MEMORANDUM**
Daniel Joseph Froehlich appeals his guilty-plea conviction for being a felon in possession of a firearm under 18 U.S.C. § 922(g)(10). We have jurisdiction pursuant to 29 U.S.C. § 1291. We review de novo the denial of the motion to suppress evidence, and we review for clear error the district court’s underlying findings of fact. United States v. Kemmish, 120 F.3d 937, 939 (9th Cir.1997). We affirm the district court.
Froehlich’s single contention on appeal is that the district court should have granted his motion to suppress evidence because the deputy violated his rights under the Fourth Amendment by asking Froehlich his name.
Officers may ask questions during an investigative stop as long as they are reasonably related in scope to the justification for their initiation. United States v. Perez, 37 F.3d 510, 513 (9th Cir.1994) (quoting United States v. Brignoni-Ponce, 422 U.S. 873, 881-882, 95 S.Ct. 2574, 45 L.Ed.2d 607 (1975)) (“The officer may question the driver and passengers about their citizenship and immigration status, and he may ask them to explain suspicious circumstances, but any further detention or search must be based on consent or probable cause.”). Officers may also take such steps as are reasonably necessary to protect their personal safety. United States v. Hensley, 469 U.S. 221, 235, 105 S.Ct. 675, 83 L.Ed.2d 604 (1985).

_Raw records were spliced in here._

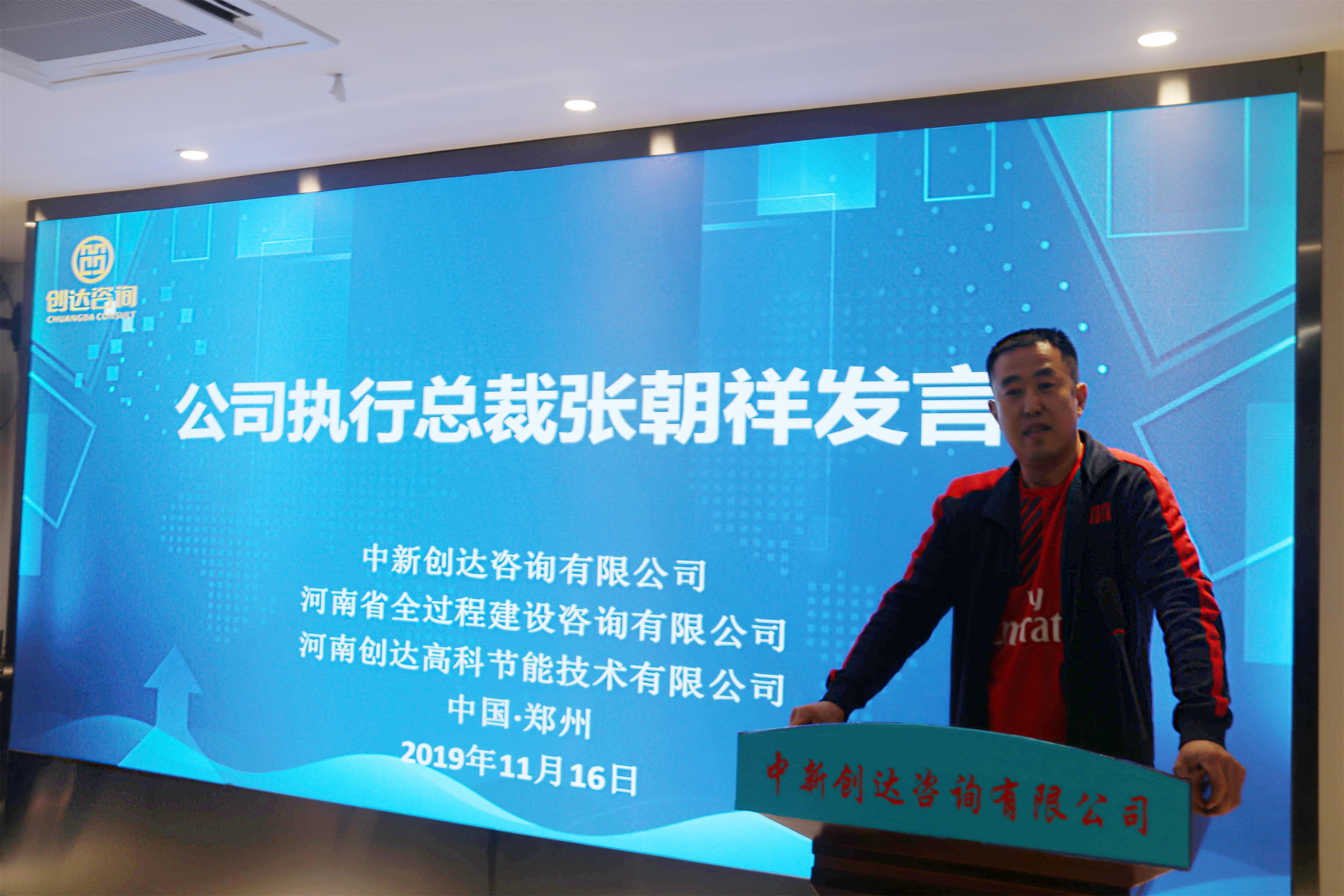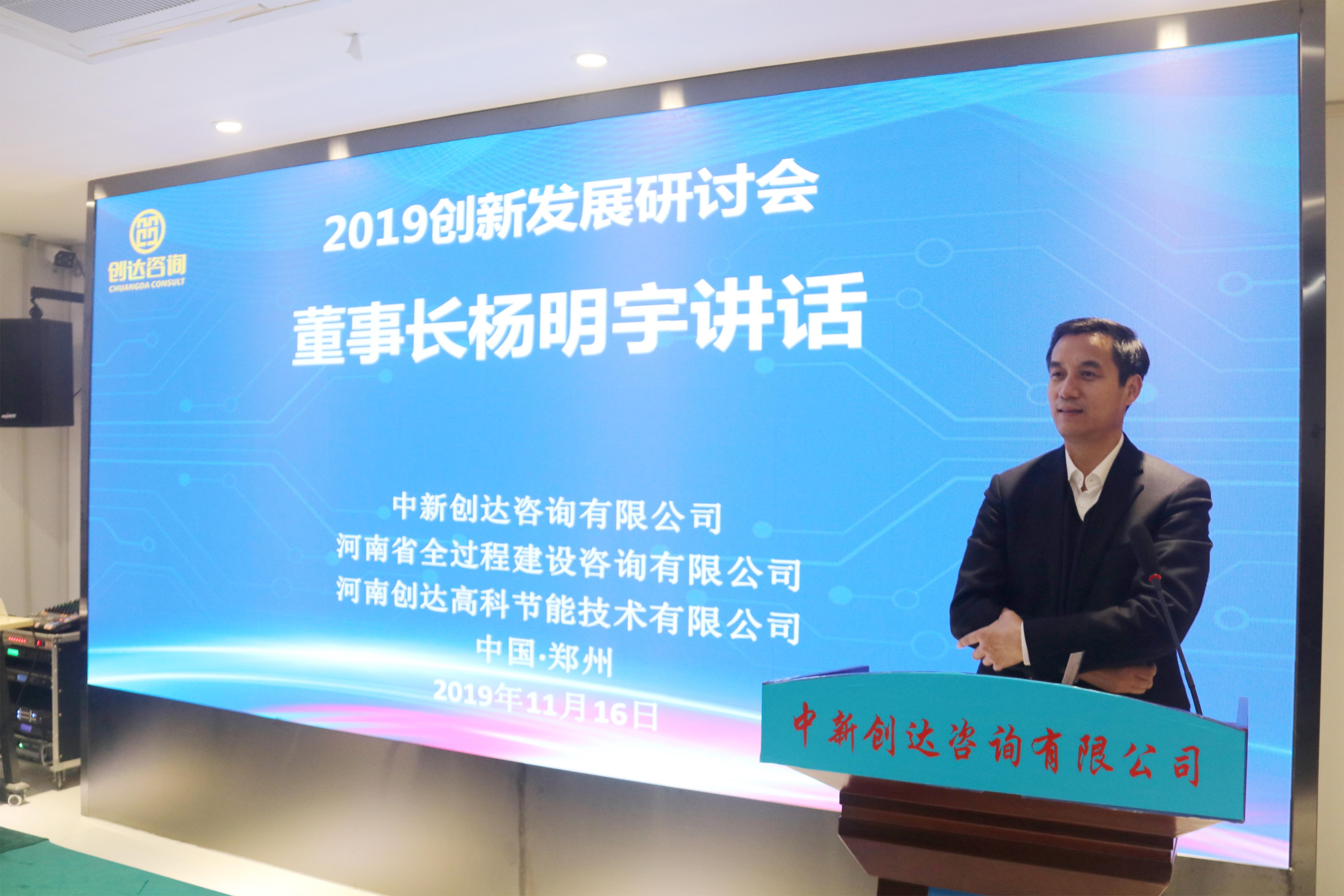 2019年11月16日,中新創達咨詢有限公司在總部召開2019創新發展研討會。從行業發展大勢與企業集團化戰略發展出發,圍繞市場拓展、品牌化建設、聯盟建設、全過程業務開展等進行深入探討。公司董事長楊明宇、執行總裁張朝祥、各中心負責人及河南省內分支機構部分代表參加會議。會議由市場開發中心總經理葛群主持。
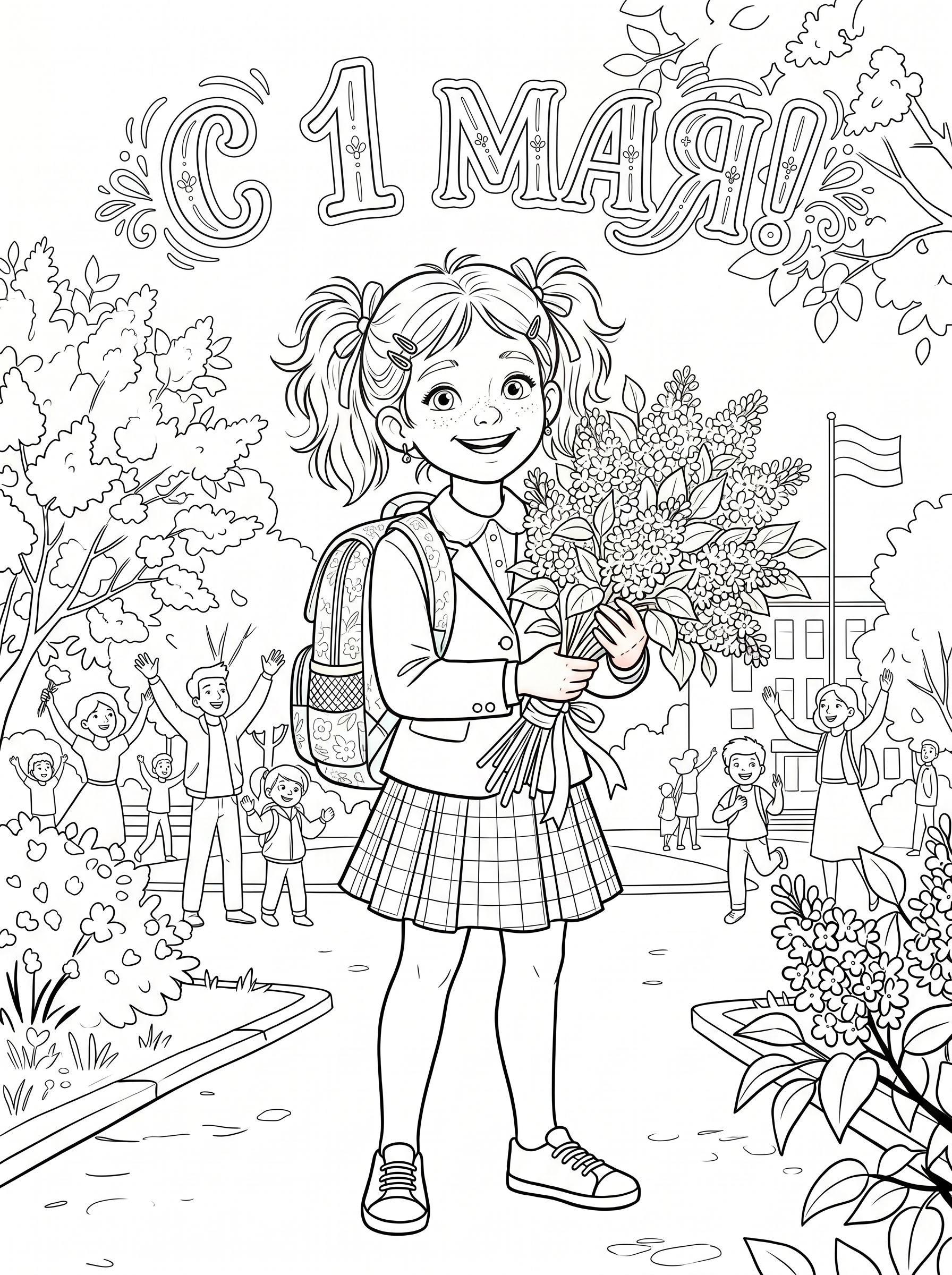 Раскраска «С 1 мая: Девочка с букетом сирени» — это творческий проект ко Дню труда, который подарит минуты удовольствия и поможет создать праздничное настроение.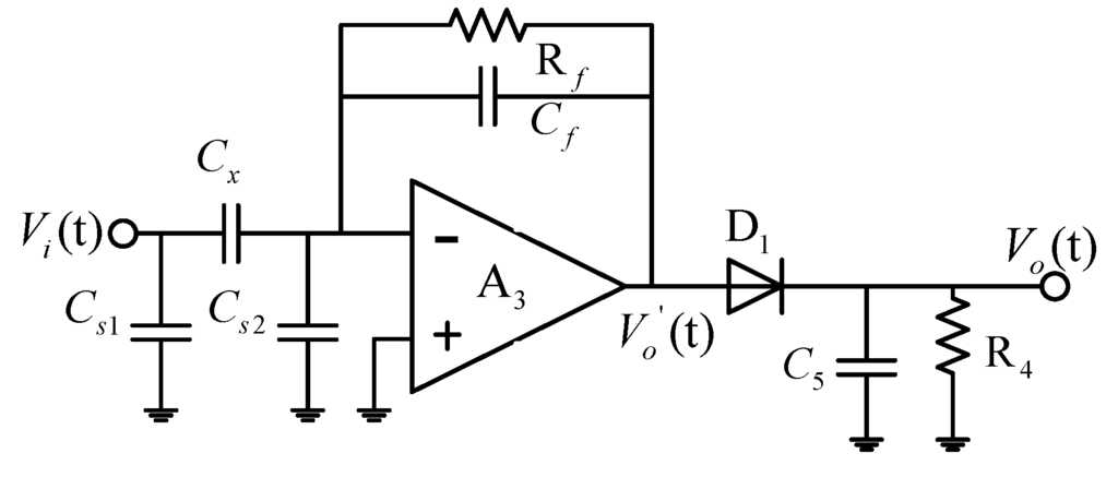 For the output of operational amplifier , the amplification of signal is limited by the high-voltage limit of the amplifier. In this paper, a C/V circuit with a diode half-wave rectifier capacitor filter circuit is used. The C/V circuit converts the variation of capacitance to the variation of a DC signal. Generally, when “” is satisfied, the output signal becomes smooth and stable. When and are selected to be 10 nF and 1.5 kΩ, respectively, the response time is about 45 μs (). The output of the half-wave rectifier can be expressed as: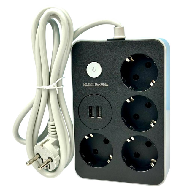 Підовжувач мережевий Power Socket 8203 на 4 розетки 3 USB Перенесення 2м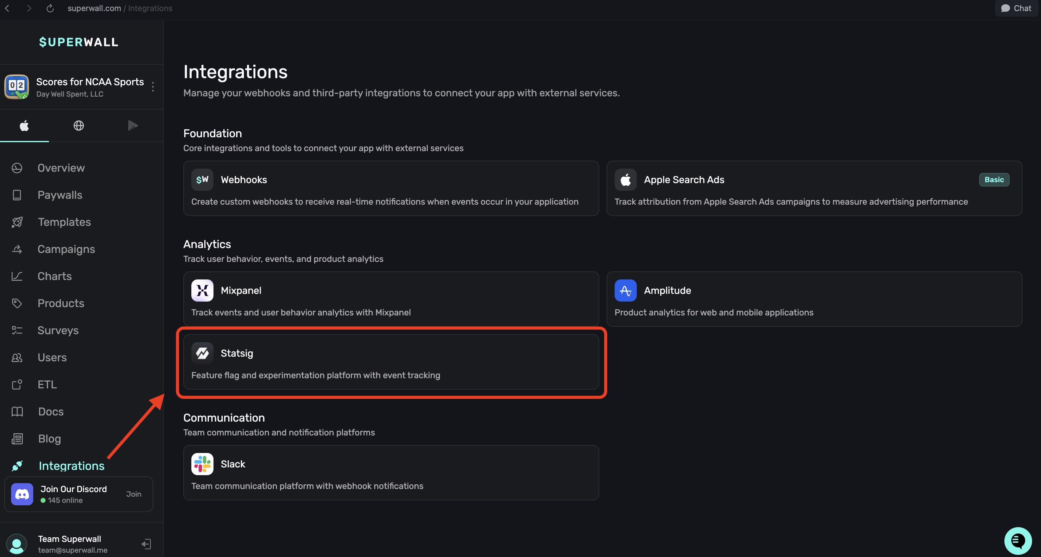 In the Analytics section within Integrations, you can connect your Statsig account to Superwall:

We agree with the district court that it was reasonable for the deputy to ask Froehlich his name, and we find that this limited inquiry was reasonably related in scope to the traffic stop. See Hensley, 469 U.S. at 235, and Perez, 37 F.3d at 513.
AFFIRMED
This disposition is not appropriate for publication and may not be cited to or by the courts of this circuit except as provided by Ninth Circuit Rule 36-3.